Mood: sad
Now Playing: maroon 5 - wake up call
Topic: updates
I been delaying writing this for some reason. I don’t know why I am but I feel that I should start writing about what’s going on.
Right now I feel hurt, lonely, depressed, miserable, and confused. Sometimes I wonder how I can manage to function each and everyday.
Sometimes I feel like I want to be able to express myself but am having a hard time trying to do that. When I want to things don’t go as planned.
Sometimes I feel like I won’t get happiness. It seems like soon as something good comes my way then something or someone comes along and messes things up. I feel like I can’t catch a break on it. Its so not fair. Some of my friends do worse things than me and they can keep a relationship and me I try my hardest to do the right thing and it blows up in my face.
I don’t think that is fair. At first I thought that it was just my imagination but it isn’t. I feel that I do what they do it will get worse. I am not trying to be pessimistic. I been having nightmare about everything that happens and not sleeping so well.
Let see….. Andrew and I aren’t friends anymore. Let pretty much let Daniela control his life and she read some old emails and found out about Andrew and me having sex this past April and last April. I knew that it would come out but she went after me than Andrew. I know I was wrong and I regretted that for the rest of my life but I was really mad that she didn’t go after Andrew and they are still together. Then they both deserve each other cause it doesn’t make any sense that she let him get away with that then she wants to threaten me.
I don’t want Andrew and I don’t love him. I am glad that we aren’t friends. There are times when I think about it and say that I miss him but I don’t want anything to do with him cause of his lies and backstabbing. I don’t trust him anymore and I don’t think I will ever trust him.

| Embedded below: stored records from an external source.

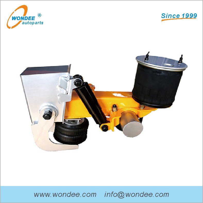 This heavy-duty lifting and unlifting type semi trailer air suspension is engineered for high-capacity, smooth and efficient vehicle performance. It connects the trailer frame to the axle system, distributes loads evenly, and effectively reduces road vibration. Especially designed for the American market, it improves ride quality and load handling for various trailer types such as flatbeds, tankers, lowbeds, and skeletal trailers.
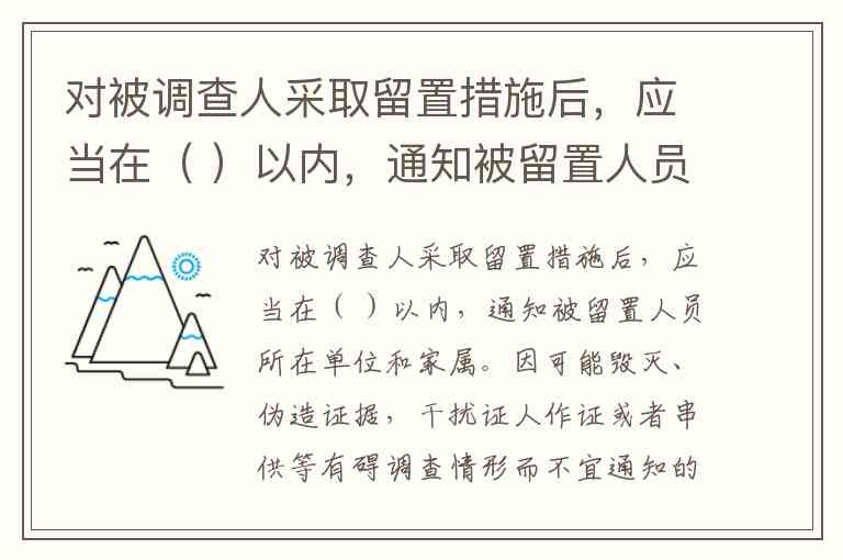 对被调查人采取留置措施后,应当在( )以内,通知被留置人员所在单位和家属。因可能毁灭、伪造证据,干扰证人作证或者串供等有碍调查情形而不宜通知的,应当按规定报批,记录在案。有碍调查的情形消失后,应当立即通知被留置人员所在单位和家属。 A. 四十八小时 B. 六小时 C. 十二小时 D. 二十四小时
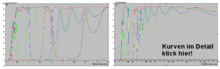 Für RGB-Aufnahmen verwende ich den Filtersatz von "True Technology Ltd., Woodpecker Cottage Red Lane, Aldermaston (UK)", der sich wie alle Interferenzfiltersätze durch steile, scharf begrenzte, spektrale Fenster auszeichnet und dementsprechend nur die gewünschten Farbbereiche passieren lässt. Mit einem Spektrographen wurden dann nachfolgende Transmissionskurven ermittelt (Bild 1). Neben den 3 RGB-Filtern ist noch der Durchlass-bereich des Infrarotsperrfilters (braun) dargestellt.

Logan is the guy I currently have feelings for. I know him for about five months. I enjoy his company and like how he makes me feel. We have been off and on for the relationship thing and each time we get back together things are good and get better. We aren’t together right now. If we do I don’t know for sure but I think it will be better than this time. He doesn’t talk to me about how he feels until after he freaks out and breaks it off. The only thing I can do is cry cause I blame myself for it. Right now we are friends and don’t get me wrong I am happy that we are friends but I still wanted the relationship. I am going to prove to him that we can do this and have the relationship with both want and to communicate and have everything and be happy.
Not really sure yet on how I want to do it but don’t worry I will. I feel somewhat better writing how I feel about things. Especially the main parts I wanted to talk about.